Case Digest: PICOP v. Dequilla, et al.

G.R. No. 172666 : December 7, 2011

PICOP RESOURCES, INCORPORATED (PRI), Represented in this Petition by MR. WILFREDO D. FUENTES, in his capacity as Senior Vice-President and Resident Manager, Petitioner, v. RICARDO DEQUILLA, ELMO PABILANDO, CESAR ATIENZA and ANICETO ORBETA, JR., and NAMAPRI-SPFI, Respondents.

MENDOZA, J.:

FACTS:


The late Atty. Fuentes advised the PICOP management to terminate about 800 employees due to acts of disloyalty, specifically, for allegedly campaigning, supporting and signing a petition for the certification of a rival union, the Federation of Free Workers Union(FFW) before the 60-day "freedom period" and during the effectivity of the CBA. Such acts of disloyalty were construed to be a valid cause for termination under the terms and conditions of the CBA.

PICOP served a notice of termination due to acts of disloyalty to 31 of the 46 employees. Private respondents were among the 31 employees dismissed from employment by PICOP. Enraged at what management did to them, private respondents filed a complaint before the NLRC Regional Arbitration for Unfair Labor Practice and Illegal Dismissal with money claims, damages and attorneys fees. LA rendered a decision declaring as illegal the termination of the private respondents.

PICOP elevated the LA decision to the NLRC but its appeal was dismissed. Upon the denial of their motion for reconsideration, the private respondents brought the case to the CA. CA rendered the subject decision reversing and setting aside the NLRC resolution and reinstating the Decision of the LA.
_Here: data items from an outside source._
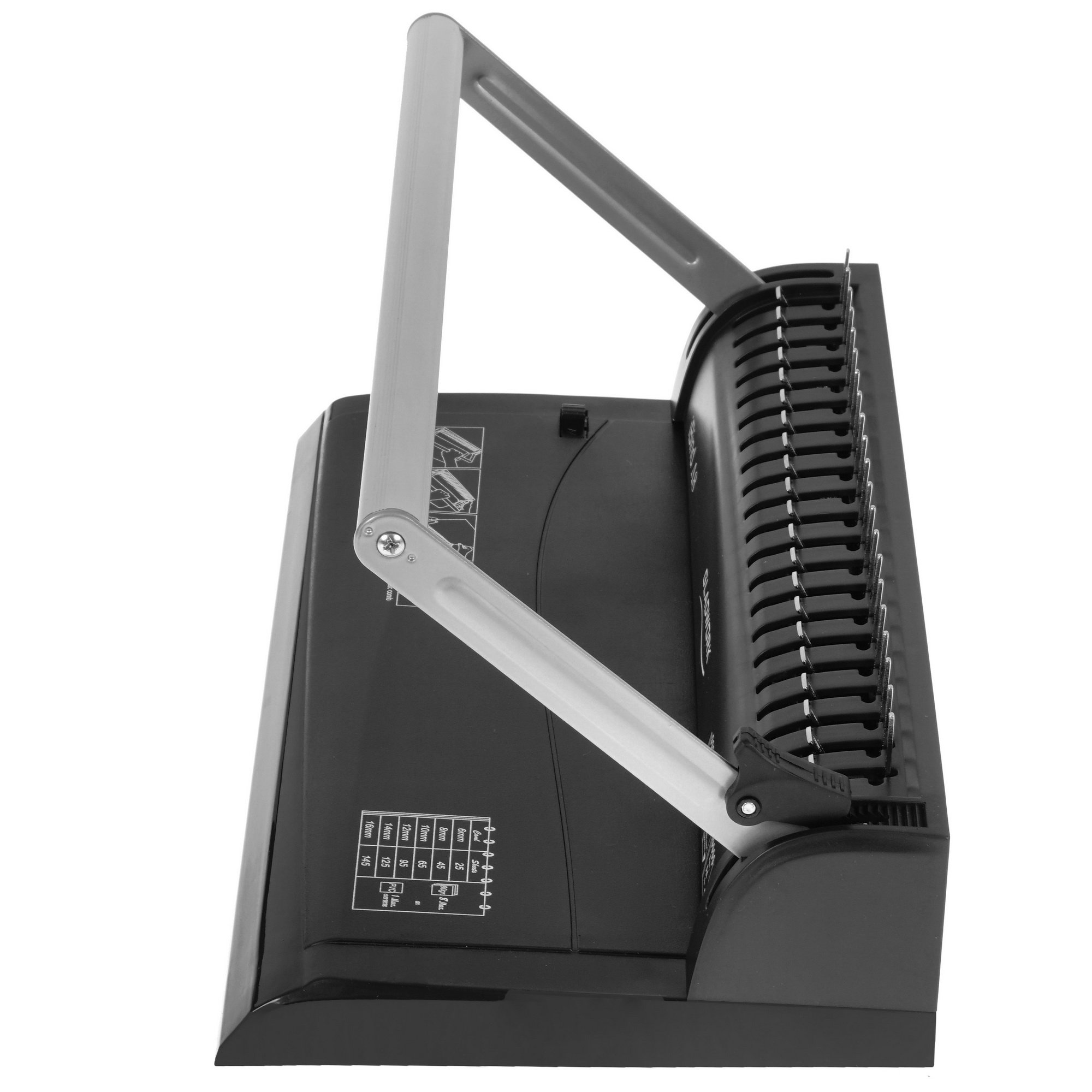 Брошюровщик Gladwork iBind A8 подходит для использования в небольшом офисе и дома. Благодаря специальной конструкции он делает линию с прямоугольными отверстиями для последующего переплета документов с помощью специальной пластиковой пружины. Брошюровщик отличается поддержкой одновременно до 8 перфорируемых листов формата А4 и пружин диаметром не более 16 мм. Лоток для сбора отходов помогает поддерживать порядок на столе. Широкая эргономичная рукоятка гарантирует комфорт в эксплуатации Gladwork iBind A8.
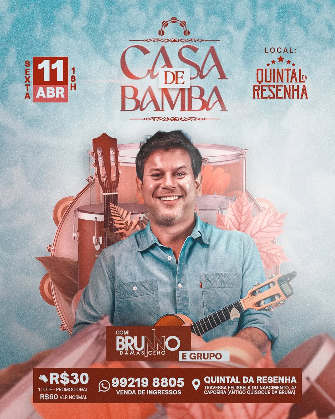 A tradicional roda de samba Casa de Bamba já tem data e local confirmados para a edição de abril. Enquanto a Casa do Rio passa por reformas, o evento será realizado no Quintal da Resenha, localizado na Capoeira, antigo Quiosque da Bruna (Travessa Felisbela do Nascimento, 47).
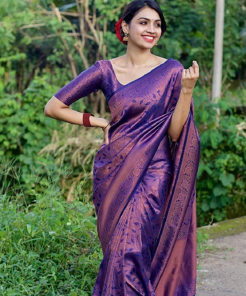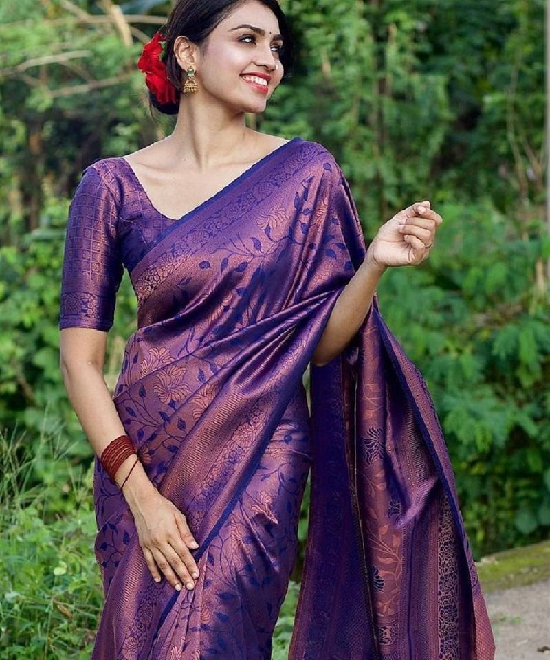 Blue soft silk blend banarasi jacuard work designer party wear saree with unstitched blouse piece
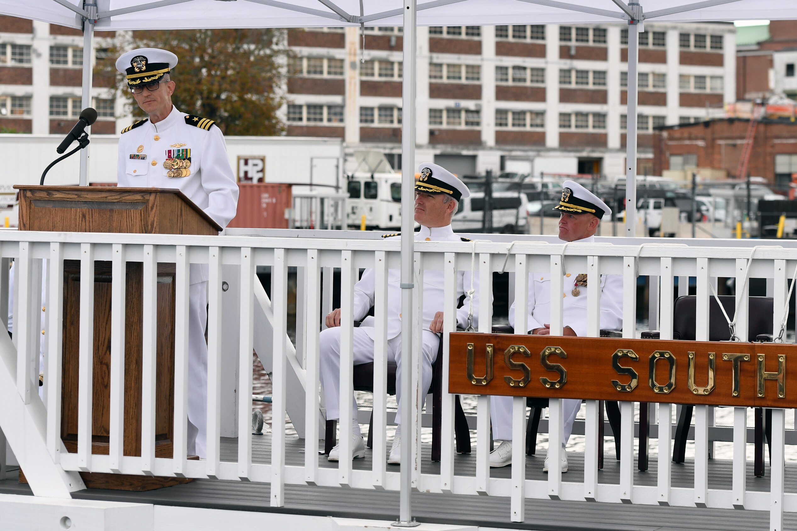 GROTON, Conn. (Sept. 27, 2021) Cmdr. Adam Zaker, incoming commanding officer the Virginia-class submarine USS South Dakota (SSN 790), delivers remarks during a change-of-command ceremony for onboard Naval Submarine Base New London in Groton, Conn. South Dakota and crew operate under Submarine Squadron (SUBRON) FOUR and its primary mission is to provide fast-attack submarines that are ready, willing, and able to meet the unique challenges of undersea combat and deployed operations in unforgiving environments across the globe. (U.S. Navy photo by Chief Mass Communication Specialist Joshua Karsten)
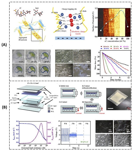 Kang et al. [] made a biodegradable TENG device using an x-carrageenan–Agar (xC–Agar) composite, which has been labeled as a high-performance triboelectric friction material, as represented in Figure 13. The advancement of biodegradable TENGs is necessary for the development of bio-transient electronics that are meant to be absorbed or dissolved within the body after a set duration; thus, surgically removing the device is not necessary, as illustrated in Figure 10. The xC–Agar composite is a natural polymer that consists of polysaccharides from red seaweed. The composite possesses a 3D aggregated porous network structure with an abundant number of charge-trapping sites, which are required for improving the triboelectric properties of the material. These charge-trapping sites, made of Ca2+ cations and sulphate ester groups, enhance the chances of an electron being withdrawn, i.e., they are unoccupied states, leading to a greater ability to donate electrons. They found that the xC–Agar composite demonstrated enhanced electron-donating properties, with the surface potential increasing by up to 57.5% compared to bare materials when the composite had an optimized xC concentration of 80 wt%. The fabricated, fully biodegradable TENG using the optimized xC–Agar composite, which is very thin (0.3 mm) and flexible, achieved a high-output root mean square (RMS) current density of 0.45 mA·m−2 and an output RMS power of 0.15 mW·m−2 at optimized impedance. The TENG successfully powered 10 commercial blue light-emitting diodes (LEDs) and charged 1 µF and 5 µF capacitors without requiring an external power source. Overall, they demonstrate the potential of the nature-derived xC–Agar composite as a high-performing triboelectric material for biodegradable TENGs, offering a promising avenue for powering bio-transient electronics.
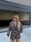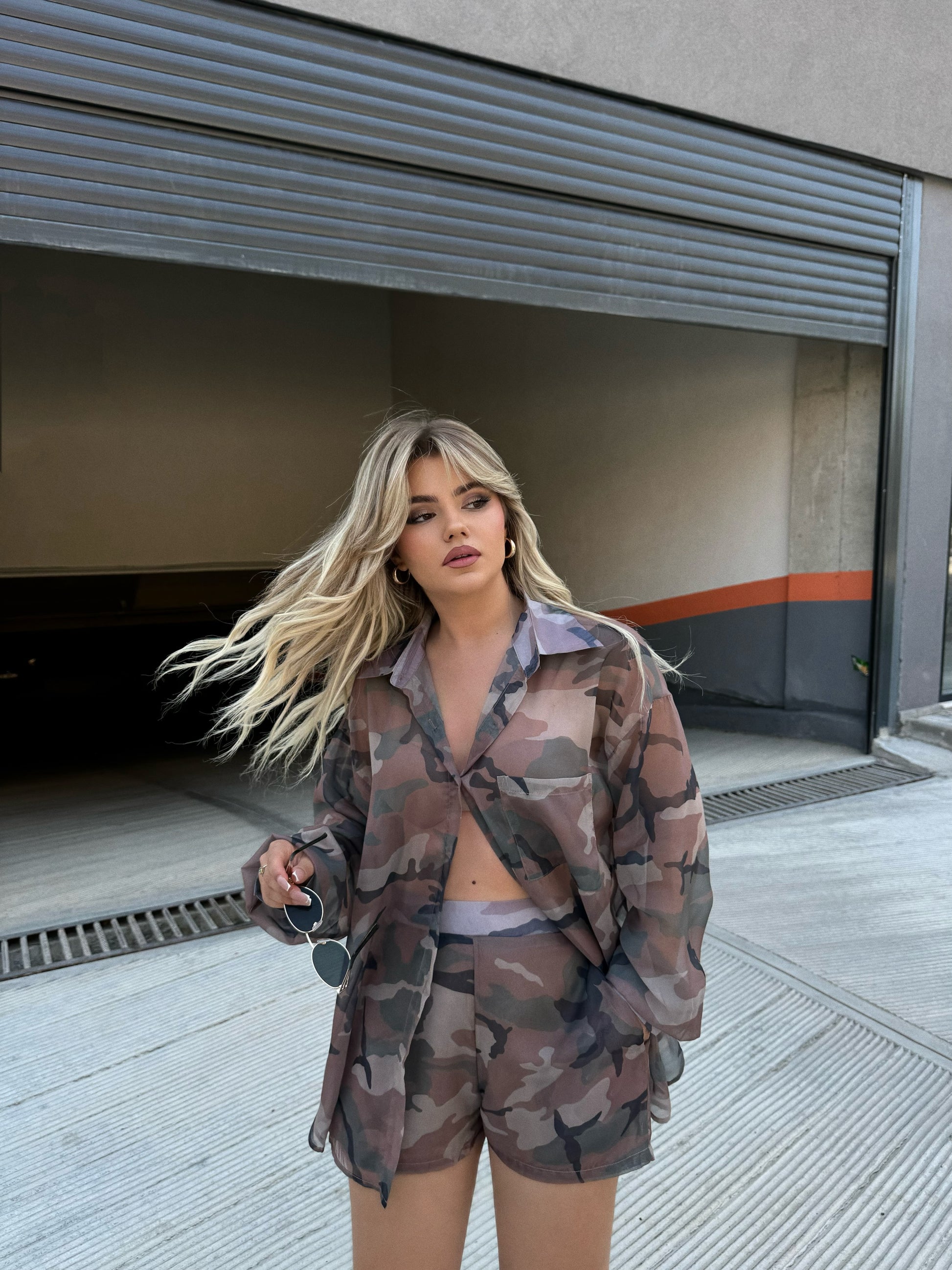 Set ushtarak me kemishe dhe pantallona te shkurtra. Eshte shume stil dhe i vecante. Material i plote dhe cilesi fantastike.

The CA ruled, among others, that although private respondents signed an authorization for the filing of the petition for certification election of a rival union, PICOP Democratic Trade Unionist-Federation of Free Workers (FFW), such act was not a sufficient ground to terminate the employment of private respondents.

PICOP basically argues that Article 253 of the Labor Code applies in this case. Article 253 of the Labor Code provides that the terms and conditions of a CBA remain in full force and effect even beyond the 5-year period when no new CBA has yet been reached. It claims that the private respondents violated this provision when they campaigned for, supported and signed FFWs petition for certification election on March 19 and 20, 2000, before the onset of the freedom period. It further argues that private respondents were not denied due process when they were terminated. Finally, it claims that the decision of the NLRC on the issues raised was not without merit. Even assuming that it erred in its judgment on the legal issues raised, its error is not equivalent to an abuse of discretion that should fall within the ambit of the extraordinary remedy of certiorari.
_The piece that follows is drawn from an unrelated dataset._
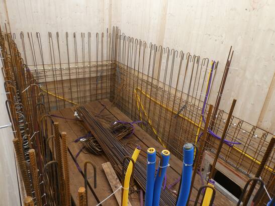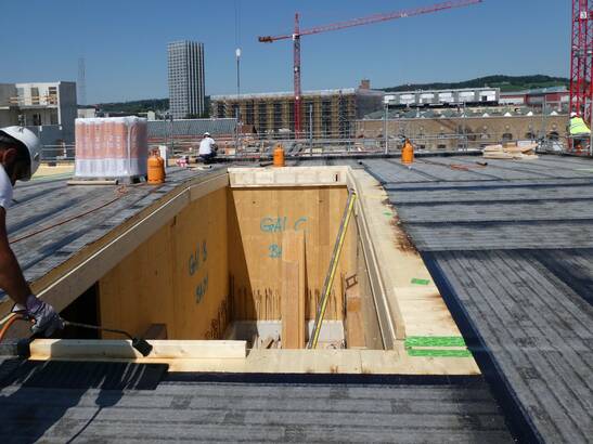 Die Vorteile der neuen Vorgehensweise liegen auf der Hand: Es braucht deutlich weniger Stahlprofile und Schrauben, die Verbindung vom Holzbau zum Betonkern ist einfacher und die Bauzeit kürzer. Der Auf- und Abbau des Gerüstes und der Schalung für den Betonkern entfällt und die Menge des eingesetzten Betons kann reduziert werden. Dies bei gleicher Leistung: Der nachträglich eingegossene Beton ist form- und kraftschlüssig mit dem Holzbau verbunden. Die Treppenhauskerne dienen der statischen Aussteifung der Gebäude und stellen die Fluchtwege im Brandfall sicher.
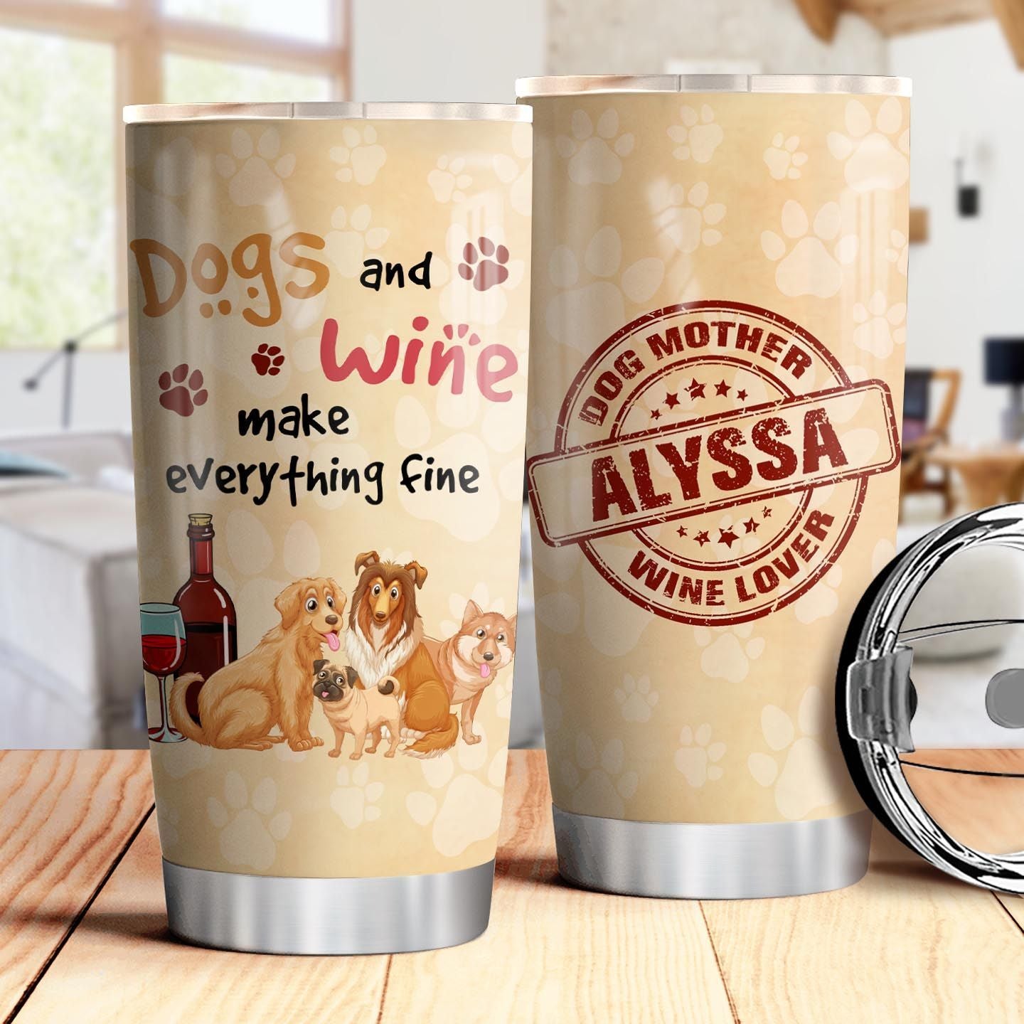 Wine And Dogs Personalized Thv1410011 Stainless Steel Tumbler

ISSUE: Whether or not an existing CBA can be given its full force and effect in all its terms and conditions including its union security clause, even beyond the 5-year period when no new CBA has yet been entered into?

HELD:Court of Appeals decision is sustained.

LABOR LAW


There is no question that in the CBA entered into by the parties, there is a union security clause. The clause imposes upon the workers the obligation to join and maintain membership in the companys recognized union as a condition for employment.

"Union security" is a generic term, which is applied to and comprehends "closed shop," "union shop," "maintenance of membership," or any other form of agreement which imposes upon employees the obligation to acquire or retain union membership as a condition affecting employment.

There is no dispute that private respondents were members of NAMAPRI-SPFL who were terminated by PICOP due to alleged acts of disloyalty. It is basic in labor jurisprudence that the burden of proof rests upon management to show that the dismissal of its worker was based on a just cause. When an employer exercises its power to terminate an employee by enforcing the union security clause, it needs to determine and prove the following:
(1) the union security clause is applicable;
(2) the union is requesting for the enforcement of the union security provision in the CBA; and
(3) there is sufficient evidence to support the decision of the union to expel the employee from the union.

Considering the peculiar circumstances, the Court is of the view that the acts of private respondents are not enough proof of a violation of the Union Security Clause which would warrant their dismissal. PICOP failed to show in detail how private respondents campaigned and supported FFW. Their mere act of signing an authorization for a petition for certification election before the freedom period does not necessarily demonstrate union disloyalty. It is far from being within the definition of "acts of disloyalty" as PICOP would want the Court to believe. The act of "signing an authorization for a petition for certification election" is not disloyalty to the union per se considering that the petition for certification election itself was filed during the freedom period which started on March 22, 2000.